Oddly enough... My first experiments with cross-dressing (outside of dress-up with the other girls in kindergarten before they rejected me) was when I was 14 and 15. I had a good friend who would let me dress in her clothes around her house. The whole family accepted me for me and I didn't trust anyone else at that point. Somehow they all knew, while I was still kinda clueless. There was nothing sexual about it at all while I was there.
At the same time I was ditching school pretty much all the time because I got jumped by a group of jocks for wearing a skirt to school one day for a drama project.
I stopped going to school because I was terrified they'd kill me if I was caught there so I would stay at home while my mom was at work and steal time wearing her clothes... Which were a turn on at that point, I think because I was alone.
By the end of my freshman year my mom asked me about the cross-dressing and I freaked out, became ashamed, became really angry at everything, and started to hide. Pushed everything down and stopped dressing... From that point on, however, my imagination regarding being female was almost solely restricted to sexual fantasy (usually auto-abusive in nature thanks to a history of abuse in my past).
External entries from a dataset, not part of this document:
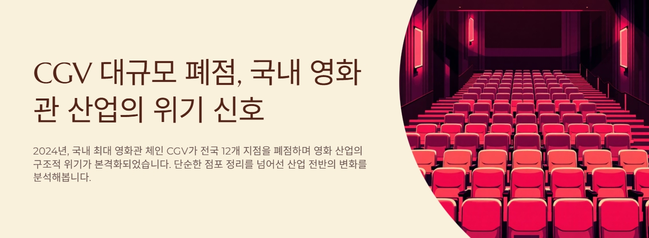 한마디로, 이번 CGV 대규모 폐점은 단순한 점포 정리가 아니라 국내 영화 산업 전체가 처한 위기를 보여주고 있습니다. 흥행작이 부족하고, OTT와의 경쟁에다 관객 감소까지 삼중고가 영화관을 옥죄고 있죠. 앞으로 더 많은 극장이 사라질 수도 있는 상황입니다.
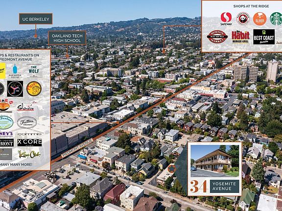 34 Yosemite Ave is an 8-unit, value-add, multifamily investment property located in the Piedmont Ave Neighborhood of Oakland, CA. Built in 1958, the 4,294 SF 2-story structure is situated on a 5,700 SF lot just off of Piedmont Ave, one of Oakland's most popular commercial corridors. The property features a unit mix of 8 1-bed, 1-bath units with similar floor plans. Several units at the property have undergone upgrades & provide an example of what can be done to units upon turnover. The next owner will have the opportunity to complete upgrades & take advantage of current market rate rents in the city of Oakland upon unit turnover. The property also features on-site coin-operated laundry & 7 off-street surface parking spaces that provide the potential opportunity for additional income. The property features a 98 Walk Score and have convenient access to a multitude of dining, shopping and entertainment options. The property is also under 1-mile to MacArthur BART Station.
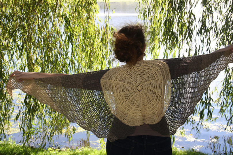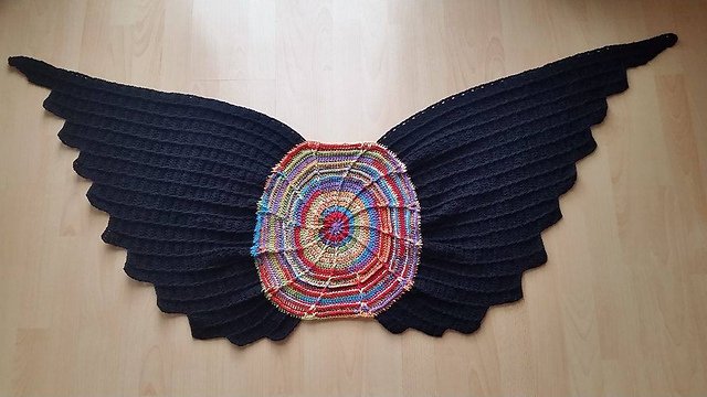 Die Flügel eignen sich sehr gut zu umschlingen der Schultern und halten warm.

It was an easy way, I think, for me to assume it was just a kink and the result of unresolved issues concerning the abuse I suffered. Great freaking excuse, actually. Ugh.

I finally hit the wall and took a good long look at my past fairly recently and figured it out. I'm trans. And Poof!
I have no more random thoughts about sex at all. The desire is gone. I CAN be aroused if I try. But I have to try. It's weird. My feelings of being female are really, really strong and constant... And there's nothing sexual about those feelings at all.
Everyone is different I suppose. But to your question: I think it may matter some because who we are as women or men
can be intertwined into our sexual attractions. But it doesn't have to be. I used to conflate the two but now I don't. Who knows how all that would work for you? You would be the only one who can answer that.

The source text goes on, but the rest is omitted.